The Washington Post: Arkansas Plan Shows That Health Care Law's Medicaid Expansion Leaves Flexibility For States
The Obama administration has taken a hard line with governors about an option to expand Medicaid under the new health law, telling them to take it or leave it — but leave it and lose access to millions of federal dollars. It turns out there is some wiggle room after all (Somashkhar, 3/9).
The New York Times: GOP In Arizona Is Pushed To Expand Medicaid
In the battle to get the Medicaid expansion being championed by Gov. Jan Brewer approved by the state's legislators, her closest advisers are hanging their hopes on the number eight. That is how many of the 17 Republicans in the State Senate they believe they can get on their side (Santos, 3/10).
Politico: 'Dental Therapists' Help Deal With Access Gap
Some state lawmakers think they've found the solution to the nation's severe dental care access problem, but so far, only two states are using the touted "dental therapists" — and dentists aren't thrilled about the idea. According to the Pew Center on the States, more than 40 million Americans reside in areas with a shortage of dentists (Smith, 3/11).
The New York Times: Cuts Give Obama Path To Create Leaner Military
But the next set of cuts will be much harder, because they involve huge constituencies — in Congressional districts, inside the military services and among veterans' groups. "The problem is that the biggest, most-needed cuts are in programs that also have the broadest set of defenders," said Maren Leed, the director of the defense policy studies group at the Center for Strategic and International Studies in Washington and a former top aide to Gen. Ray Odierno, now the Army's chief of staff. The most obvious examples of those problems come in base closings and higher co-payments or premiums for the beneficiaries of Tricare, the military's sprawling health care program, which costs upward of $51 billion a year (Sanger and Shanker, 3/10).
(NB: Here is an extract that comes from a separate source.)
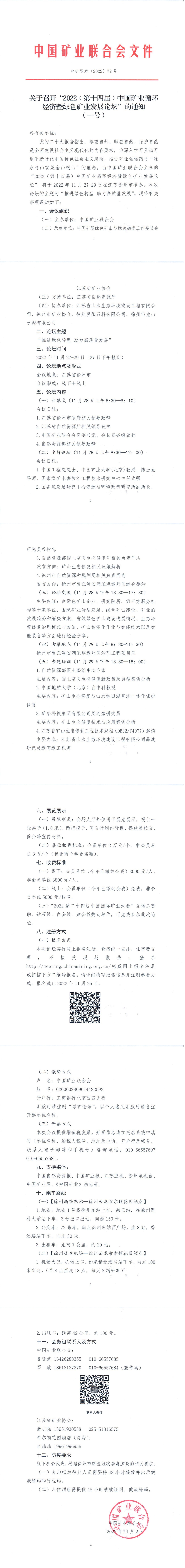 關于召開“2022(第十四屆)中國礦業(yè)循環(huán)經(jīng)濟暨綠色礦業(yè)發(fā)展論壇”的通知(一號)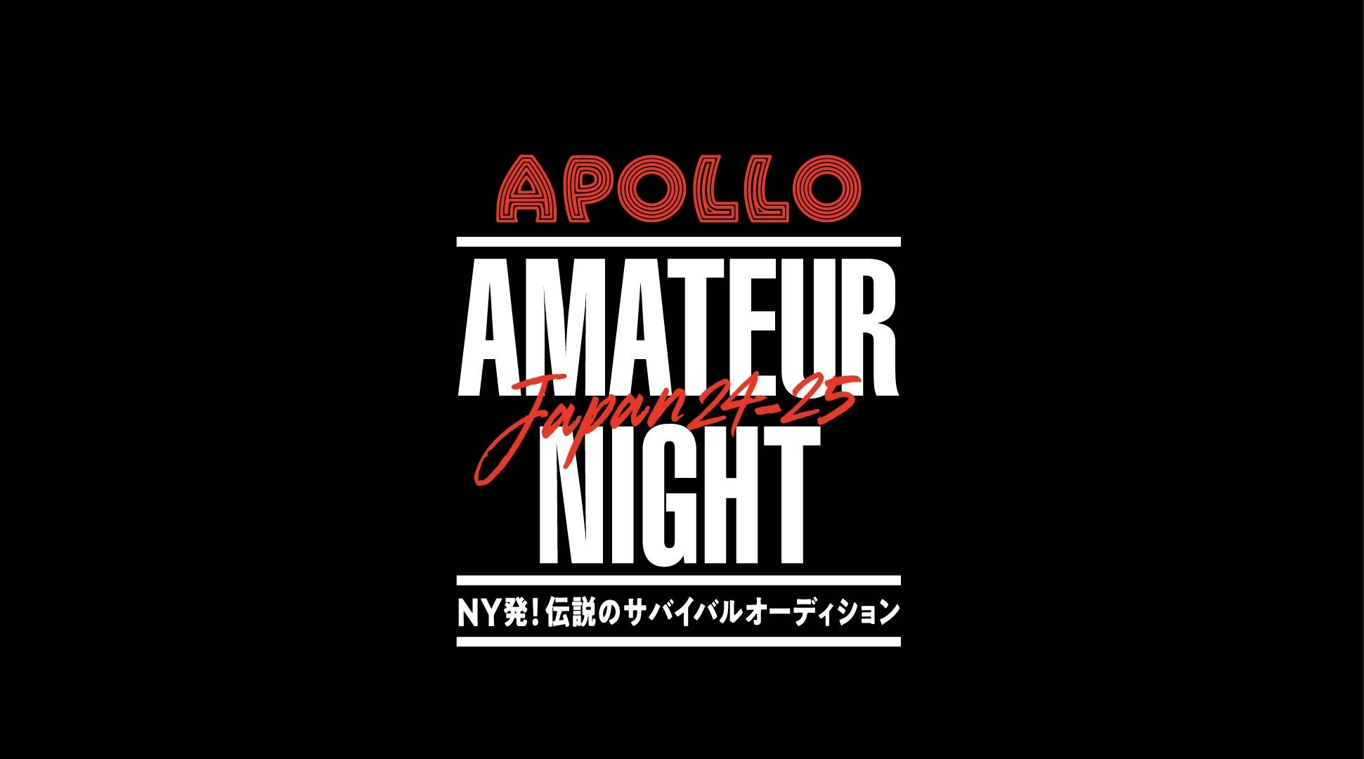 『APOLLO AMATEUR NIGHT JAPAN 24-25(アポロ アマチュアナイト ジャパン ニーヨンニーゴ)』のフジテレビでの番組放送が、本日からスタートします。番組タイトルは『APOLLO AMATEUR NIGHT JAPAN ~NY発!伝説のサバイバルオーディション~』で、本日10月18日(金)から毎週金曜25:55~26:25に放送予定です。

Politico: Frustrated GOP Health Staffers Jump Ship
If you want to see how frustrated Republicans are with health care, just look at their staffs. Since the election, one top Republican health policy staffer after another has fled the Hill for consulting and lobbying gigs that promise better pay, fewer hours and less obstructionism. ... It's been a bumpy few years for these staffers, most of whom participated in the health care law negotiations in 2009 and 2010, watched as Democrats passed the law without a single Republican's vote, stood by as their bosses continually tried — and failed — to ditch the law and saw GOP hopes for entitlement reform fall by the wayside (Cunningham, 3/8).
Los Angeles Times: Democrats, Brown At Odds Over Healthcare Act
As Democratic lawmakers speed to implement President Obama's healthcare overhaul in California, they are finding themselves at odds with the leader of their own party: Gov. Jerry Brown. The governor and legislators disagree over how the state should expand Medicaid to more than 1 million low-income Californians, a critical component of the federal Affordable Care Act (Mishak, 3/9).